LIBRES
Ils sautèrent à terre les premiers, elle et Tim. Les pales ralentissaient mais créaient un vent artificiel qui les obligea à se pencher et à courir hors de la zone, comme des soldats craignant les tirs ennemis. Ils portaient la civière du carcajou, sur laquelle ils l’avaient sanglé ; ils portaient les deux fusils des policiers avec eux, en bandoulière. Flora n’était pas sûre de savoir se servir d’une arme d’assaut à tir semi-automatique, mais peu importait : Shariff, derrière eux et revolver en main, tenait leurs « prisonniers » en joue – Flora lui avait rendu sa grenade dégoupillée, sa mini-bombe à retardement, simplement tenue par la cuillère.
Un jeu dangereux qui avait tenu pendant vingt minutes de vol. Un jeu mortel qui leur sauvait la vie et redonnait provisoirement sa liberté à Flora.
Le samouraï descendit de l’appareil le dernier, après les médecins, les deux policiers et le pilote. Il fit trois pas, lança l’explosif en direction d’un bosquet, à une trentaine de mètres. Le flingue toujours en main, il se retournait déjà vers Tim et Flora, un sourire publicitaire aux lèvres, sans accorder la moindre importance à la déflagration qui suivit.
Flora en était certaine : en fait, Shariff voulait voir l’effet suscité sur les spectateurs par son dernier jouet.
———
Une fois les échos de l’explosion dissipés, le silence lui parut presque artificiel. Tim l’accueillit avec reconnaissance. Sa tête était sur le point d’exploser. Devant eux, Shariff continuait son cirque.
– Bien… Mettez-vous à genoux, les mains sur la nuque !
– Arrête tes conneries, Shariff… Ce ne sont pas nos ennemis.
Flora regardait le jeune samouraï d’un air sévère, comme une maîtresse gronde son meilleur élève.

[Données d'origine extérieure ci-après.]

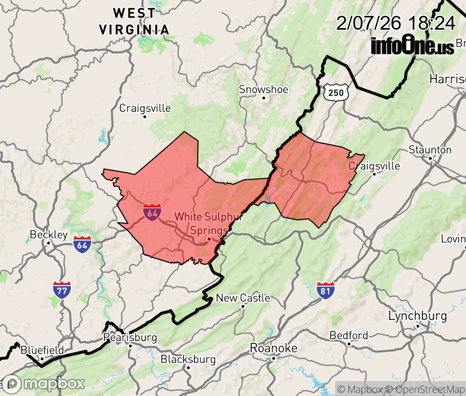 Canceled 2/8/26 4:22 AM Extreme Cold Warning issued February 7 at 6:23PM EST until February 8 at 7:00AM EST by NWS Blacksburg VA * WHAT... Dangerously cold wind chills as low as 15 below. * WHERE... In Virginia, Bath County. In West Virginia, Western Greenbrier County. * WHEN... Until 7 AM EST Sunday. * IMPACTS... The cold wind chills as low as 15 below zero could result in hypothermia or frostbite if precautions are not taken. Frostbite and hypothermia will occur if unprotected skin is exposed to these temperatures. ![]() |
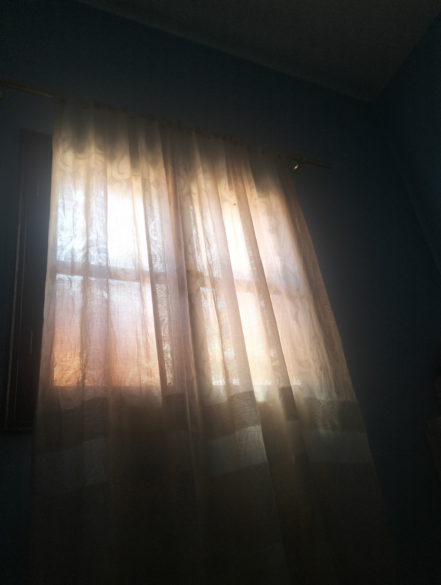 The scene depicts an interior room in Ouaouizert, Morocco, featuring a window covered by translucent, cream-colored curtains. Bright natural light, appearing warm and orange-yellow, strongly illuminat…read more
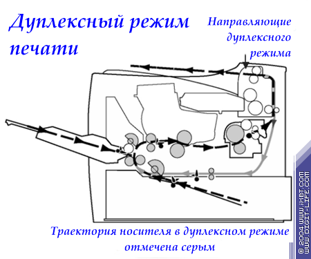 Принцип работы принтера Xerox Phaser 3420 в дуплексном режиме, являющемся стандартной функцией для этой модели, показан на схеме ниже; визуально скорость работы принтера при установках двусторонней печати происходит достаточно высока. Модель достаточно энергично запечатывает обратную сторону листа, отдельно стоит отметить, что в настройках принтера возможна установка «переворачивания» листа как по широкой, так и по узкой стороне.

– OK, tu as raison, ma belle… Alors voilà, vous ne vous mettez pas à genoux, mais vous allez descendre vers la ville, au bord du lac… Si vous vous retournez, si vous revenez sur vos pas, nous serons obligés de tirer. Si vous tentez de reprendre votre hélicoptère, nous serons obligés de tirer. Marchez pendant environ quinze kilomètres, par la ligne de plus grande pente, sans vous poser de questions, et vous trouverez une route. Vous la suivrez en descendant encore, et vous arriverez au village avant la nuit… C’est bien ça, Tim ?

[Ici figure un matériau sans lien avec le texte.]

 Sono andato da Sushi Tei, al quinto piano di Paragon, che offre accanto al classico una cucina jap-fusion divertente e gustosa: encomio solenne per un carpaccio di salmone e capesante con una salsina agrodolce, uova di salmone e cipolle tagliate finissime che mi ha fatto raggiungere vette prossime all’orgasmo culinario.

Il essaya de se souvenir de la carte, y parvint, hocha la tête.
– Par là…, dit-il en tendant un bras.
– Et encore une chose… Vous ne vous êtes pas trompés d’ennemis, les méchants, c’étaient vraiment Clauberg et Kofer. Nous pourrions vous garder comme otages, mais nous ne le ferons pas. Et vous pouvez retirer vos combinaisons… Nous ne sommes absolument pas contagieux. Nous n’avons été exposés à aucun germe, aucun virus.
Un sourire malicieux apparut sur le visage de Shariff, le rendant enfantin de nouveau, comme dans l’hélico, quand il clignait de l’œil.

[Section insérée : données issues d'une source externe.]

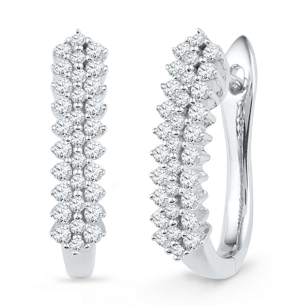 REF-63Y9V ---- 0.5 CTW Natural Diamond Oblong Hoop Earrings 10K White Gold - SKU: GD101940
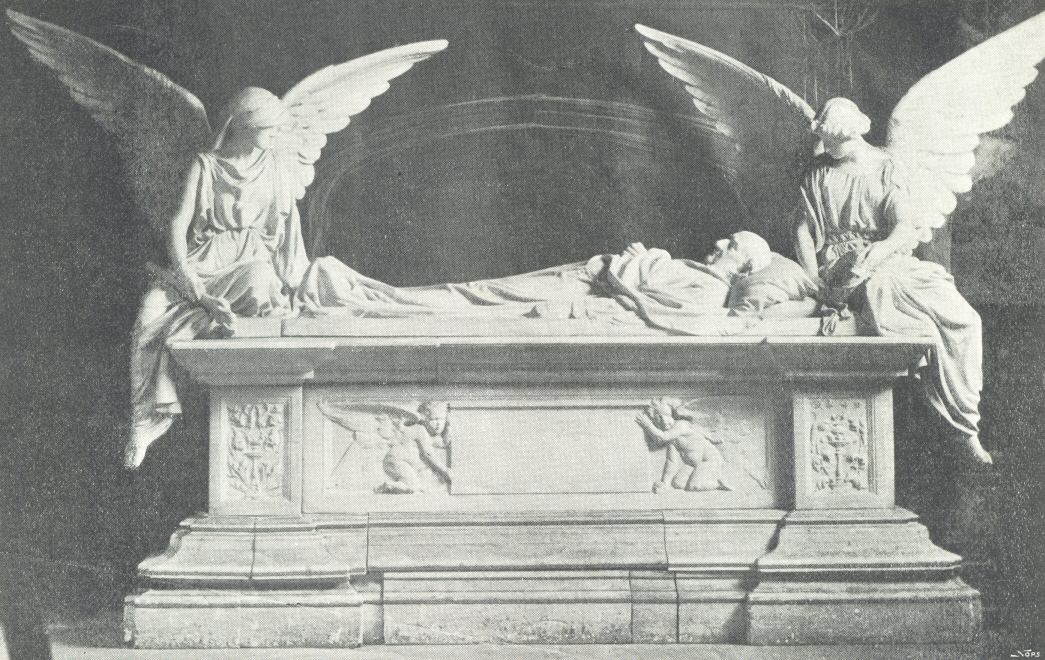 The monument itself is of Carrara marble, designed by Hamo Thornycroft, R.A. It consists of a life-size recumbent figure with watching angels at the head and the feet. With the help of Mr. Watts, R.A., and his knowledge of the original, the sculptor has produced a wonderful likeness, recalling to all who knew him the characteristics of Mr. Stanley’s fine head and impressive features. Mr. Watts, who has himself followed the progress of the memorial for many years with keen interest, considers it one of the finest works of art of modern times.

– D’ailleurs, vous laissez ces combinaisons ici, avec vos téléphones portables, talkies-walkies, etc. Allez, allégez-vous un peu. À poil !
Les médecins et les policiers échangèrent un regard, incrédules. Mais après tout, celui qui décidait était celui qui braquait son arme. On pouvait mourir d’une balle plus vite que de n’importe quel virus, même foudroyant…
Ils dégrafèrent les combinaisons bactériologiques et retirèrent leurs casques tout en se lançant des regards inquiets. Tim les observait. Il eut soudain envie de rire : après les flics, les médecins étaient désarmés à leur tour. Ces docteurs qui l’effrayaient tant. Ce n’est qu’en voyant les combinaisons à terre, sur ce plateau de haute montagne, que la peur le quitta. Il eut le sentiment de sortir brutalement d’un cauchemar et retrouva la parole.
– Je vous jure que vous ne risquez rien, dit-il. C’était un canular… Il n’était pas de très bon goût, mais c’était le seul moyen pour nous de sortir libres, avec notre copine qui a fait tout le boulot pour se débarrasser de nos ennemis…
Shariff fit un nouveau moulinet du colt.
– Presque tout le boulot, plutôt… Et dites bien à vos supérieurs que les méchants, c’est pas nous. « Tout l’art de la guerre est basé sur la duperie », Sun Tzu.